О попытке добровольного полёта к Оби и горизонту учёный не стал рассказывать врачам. Психическое расстройство переживал и сам. Историку представлялось: нет на Советской земле человека из низов, который бы сберёг своё сердце от продуманного насилия властей, от общегосударственного психоза. Адская машина управления массами, давления на умы работала от политической смазки, строгого контроля над паствой.
Разуверился в истории. Разуверился в тягомотине времени. Паразитический класс управленческой элиты решил обессмертить себя и семейные кланы.
Часто историк обтачивал в мыслях вывод веков: «В России было две напасти: сперва власть тьмы, теперь тьма власти…» И народ пребывает во тьме, и знать расплодилась тьмою ночной. Какую может иметь власть безгласная тьма? Разве устоит она против сплочённых сил тьмы власти?

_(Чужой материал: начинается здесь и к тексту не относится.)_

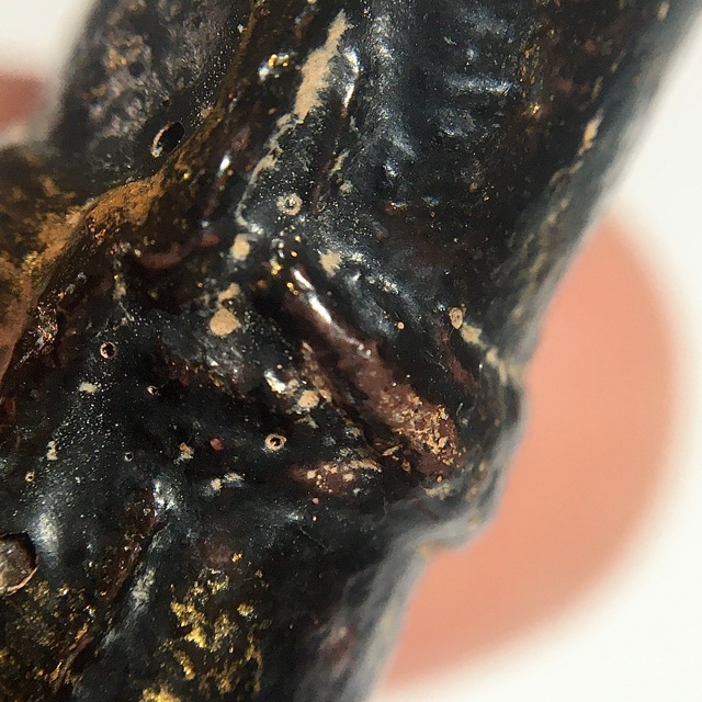 He would first immerse the forehead skin in holy water to soften the dry skin, and then scrape off the fur, to leave bare skin, and then use the skin to wrap into Takrut scrolls, which he would inscribe and empower with Wicha Maha Ud. He would also then once the skin was soft through immersion, inscribe further Khom Agkhara Sanskrit spells, to invoke the spirit of the tiger, using the Wicha Akarn 32, and the Wicha Hnun Taat 4, to reanimate the power and spirit within the tiger forehead. Luang Phu would then tie the wrapped Hnaa Bpaag Suea hide scroll with holy Sinjana cords, to prevent the scrolls from unwinding as they dried over the decades. The Takrut are seen to be lacquered, many with flakes of gold leaf visible. Most will have the Sinjana cord wrapping, but there are also some exhibits which do not have the Sinjana cord binding too (rarer).

И новое историческое полотно оказалось прелым. Партия помыкает людишками… даже трупам нет защиты, покоя в земле. Отказ от перезахоронения невинно убиенных не прибавит уважения и славы правящей верхушке, её многочисленной прожорливой свите.
Нынешнее состояние нации можно назвать затяжной апатией. От безразличия к серой жизни и лозунговой напасти у народа оставался старый проверенный способ сошествия с ума — питие. Учёный, путешествуя по городам и весям многострадальной Родины, видел: народ спивается. До коммунизма, вроде, рукой подать, отсветы рая долетают из будущего, а глупый народишко хочет обезуметь, забыться, уйти в новую тьму существования.
Давно уяснил Горелов: на историю брюзжать не надо. Хотелось бы видеть её не зигзагообразной, не кровавой, не хищной. Такой не будет. За власть бьются не ради процветания народов — ради сохранения правящего класса, мечтающего о баснословной наживе. Чернь на полях, у станков, в шахтах, на стройках. Знать сколачивает капиталы…
Азбучные истины лезли в голову в гостиничном номере. Вековое бессилие и бесправие народа представилось его расплатой за безразличие к собственной воле и свободе. Людишек несло в мутном потоке истории брошенным щепьём. Они тащили необременительное ярмо дураков. У власти ума оказалось на полушку больше, это дало право быть вечными погонялами.